RE: Region server getting aborted in every one or two days

Posted by Pankaj kr <pa...@huawei.com>.
Thanks Anoop for replying..

No explicit close op happened on the WAL file (this log was rolled few sec before). As per HDFS log, there is no close call to this WAL file.


Same issue happened again on 19th March,

Here WAL was rolled just before the issue happened,
2016-03-19 05:38:07,153 | INFO  | regionserver/RS-HOSTNAME/RS-IP:21302.logRoller | Rolled WAL /hbase/WALs/RS-HOSTNAME,21302,1458301420876/RS-HOSTNAME%2C21302%2C1458301420876.default.1458337083824 with entries=6508, filesize=61.03 MB; new WAL /hbase/WALs/RS-HOSTNAME,21302,1458301420876/RS-HOSTNAME%2C21302%2C1458301420876.default.1458337087136 | org.apache.hadoop.hbase.regionserver.wal.FSHLog.replaceWriter(FSHLog.java:972)

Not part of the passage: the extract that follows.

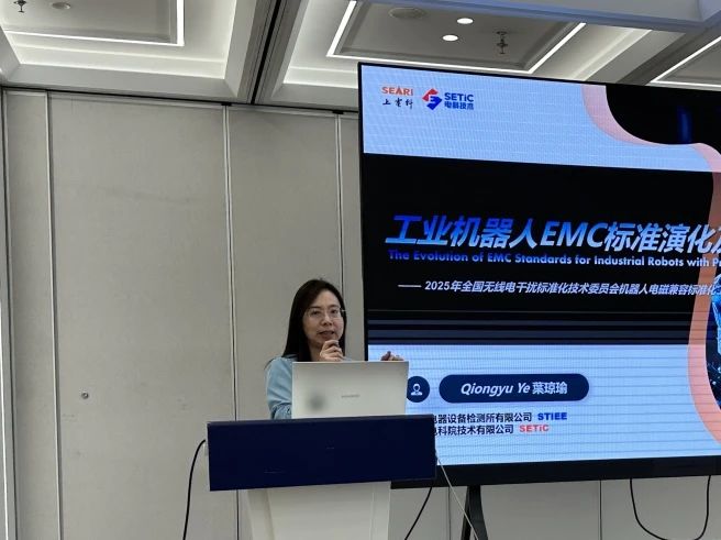 无干委B分会秘书长叶琼瑜分享《工业机器人电磁兼容标准演化及案例》。

And after some sec during sync op,
2016-03-19 05:38:10,075 | ERROR | sync.1 | Error syncing, request close of wal  | org.apache.hadoop.hbase.regionserver.wal.FSHLog$SyncRunner.run(FSHLog.java:1346)
java.nio.channels.ClosedChannelException
	at org.apache.hadoop.hdfs.DataStreamer$LastExceptionInStreamer.throwException4Close(DataStreamer.java:208)
	at org.apache.hadoop.hdfs.DFSOutputStream.checkClosed(DFSOutputStream.java:142)
	at org.apache.hadoop.hdfs.DFSOutputStream.flushOrSync(DFSOutputStream.java:545)
	at org.apache.hadoop.hdfs.DFSOutputStream.hflush(DFSOutputStream.java:490)
	at org.apache.hadoop.fs.FSDataOutputStream.hflush(FSDataOutputStream.java:130)
	at org.apache.hadoop.hbase.regionserver.wal.ProtobufLogWriter.sync(ProtobufLogWriter.java:190)
	at org.apache.hadoop.hbase.regionserver.wal.FSHLog$SyncRunner.run(FSHLog.java:1342)
	at java.lang.Thread.run(Thread.java:745)
2016-03-19 05:38:10,076 | INFO  | regionserver/RS-HOSTNAME/RS-IP:21302.logRoller | Rolled WAL /hbase/WALs/RS-HOSTNAME,21302,1458301420876/RS-HOSTNAME%2C21302%2C1458301420876.default.1458337087136 with entries=6383, filesize=61.51 MB; new WAL /hbase/WALs/RS-HOSTNAME,21302,1458301420876/RS-HOSTNAME%2C21302%2C1458301420876.default.1458337090049 | org.apache.hadoop.hbase.regionserver.wal.FSHLog.replaceWriter(FSHLog.java:972)
2016-03-19 05:38:10,087 | FATAL | regionserver/RS-HOSTNAME/RS-IP:21302.logRoller | ABORTING region server RS-HOSTNAME,21302,1458301420876: IOE in log roller | org.apache.hadoop.hbase.regionserver.HRegionServer.abort(HRegionServer.java:2055)
java.nio.channels.ClosedChannelException
	at org.apache.hadoop.hdfs.DataStreamer$LastExceptionInStreamer.throwException4Close(DataStreamer.java:208)
	at org.apache.hadoop.hdfs.DFSOutputStream.checkClosed(DFSOutputStream.java:142)
	at org.apache.hadoop.hdfs.DFSOutputStream.flushOrSync(DFSOutputStream.java:545)
	at org.apache.hadoop.hdfs.DFSOutputStream.hflush(DFSOutputStream.java:490)
	at org.apache.hadoop.fs.FSDataOutputStream.hflush(FSDataOutputStream.java:130)
	at org.apache.hadoop.hbase.regionserver.wal.ProtobufLogWriter.sync(ProtobufLogWriter.java:190)
	at org.apache.hadoop.hbase.regionserver.wal.FSHLog$SyncRunner.run(FSHLog.java:1342)
	at java.lang.Thread.run(Thread.java:745)
2016-03-19 05:38:10,088 | FATAL | regionserver/RS-HOSTNAME/RS-IP`:21302.logRoller | RegionServer abort: loaded coprocessors are: [org.apache.hadoop.hbase.index.coprocessor.regionserver.IndexRegionObserver, org.apache.hadoop.hbase.JMXListener, org.apache.hadoop.hbase.index.coprocessor.wal.IndexWALObserver] | org.apache.hadoop.hbase.regionserver.HRegionServer.abort(HRegionServer.java:2063)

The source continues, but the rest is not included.